William memutar bola matanya. Temannya ini memang sangat keterlaluan.
Jelas saja Airin akan marah dan cemburu jika mendengar kalimat itu.
"Kamu kalau bicara memang tidak pernah dipikirkan dulu. Jelaslah istrimu itu kabur meninggalkanmu."
Assandi menatap wajah William, "Benarkah dia pergi karena aku? Bagaimana ini? Aku sudah keterlaluan."
Assandi mengacak-acak rambutnya. Dia mulai panik mendengar perkataan William.
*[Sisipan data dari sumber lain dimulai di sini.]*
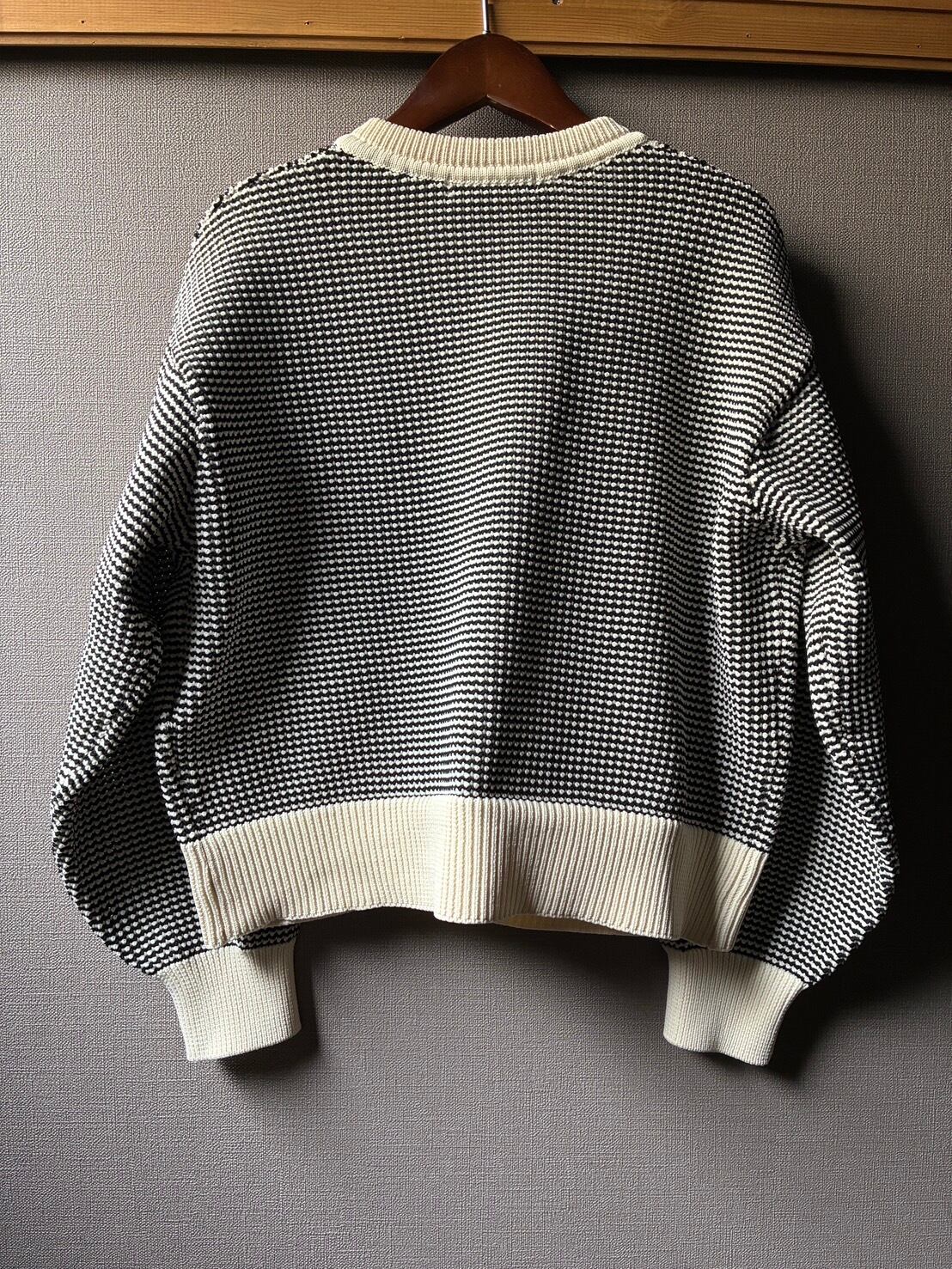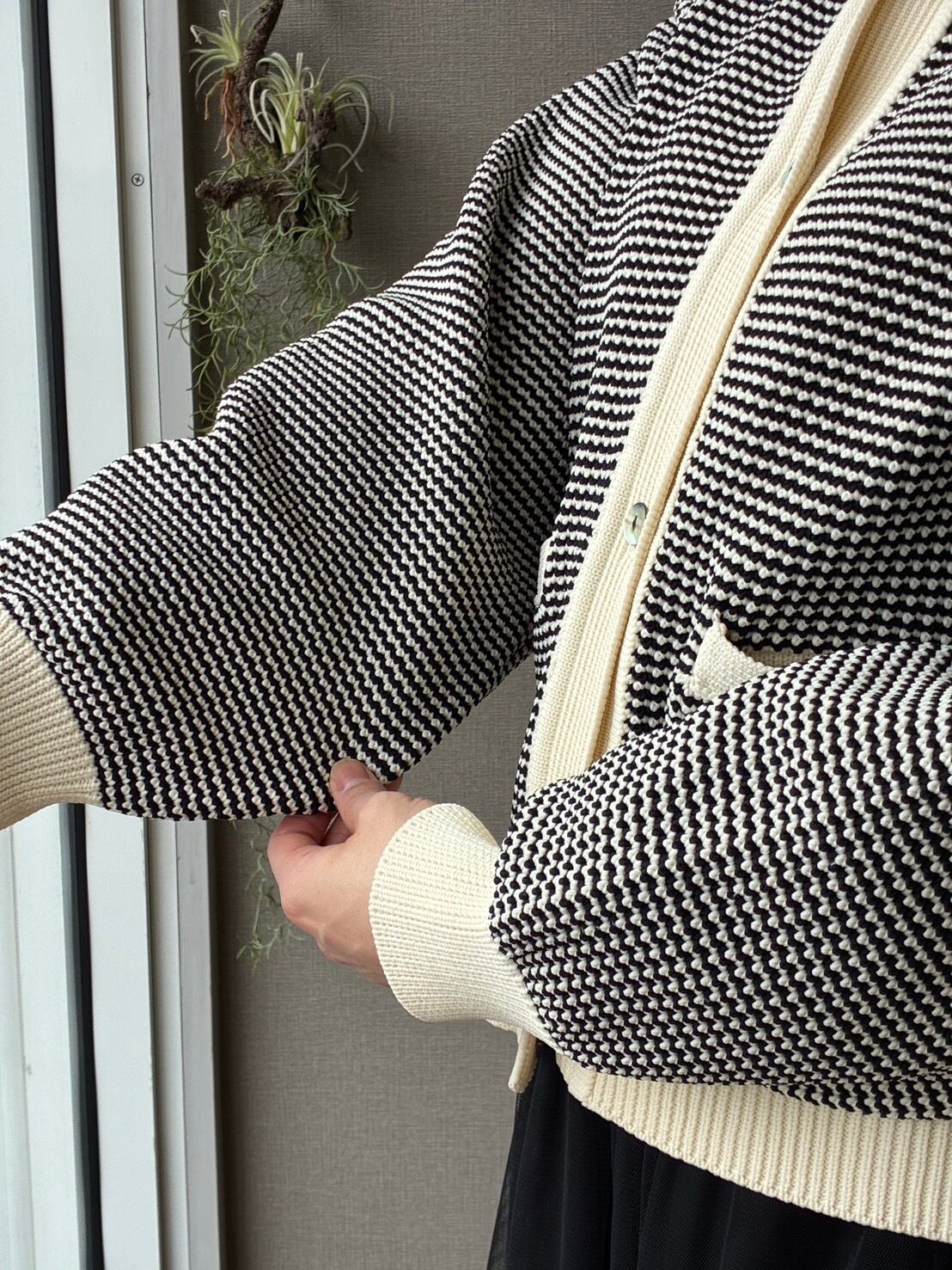 小さな起伏のある特徴的な編地はシルエットが崩れにくく気品さも兼ね備えています。

"Kalau kamu ingin menebus kesalahanmu dengannya. Pergilah sana susul dia ke Paris." Saran William.
"Tapi aku harus meluluskan sekolahku dulu agar bisa meneruskan bisnis kakekku."
"Lebih penting mana? Bisnis kakekmu yang baik-baik saja atau cintamu yang tidak baik-baik saja?"
Assandi diam membuang mukanya, dia menunduk mengacak rambutnya lagi.
Kepalanya sekarang sudah mulai pusing karena terlalu banyak minum.
"Sekarang kamu tinggal pilih aja, mau Airin semakin menjauh darimu atau bisnis kakekmu yang sudah kaya raya."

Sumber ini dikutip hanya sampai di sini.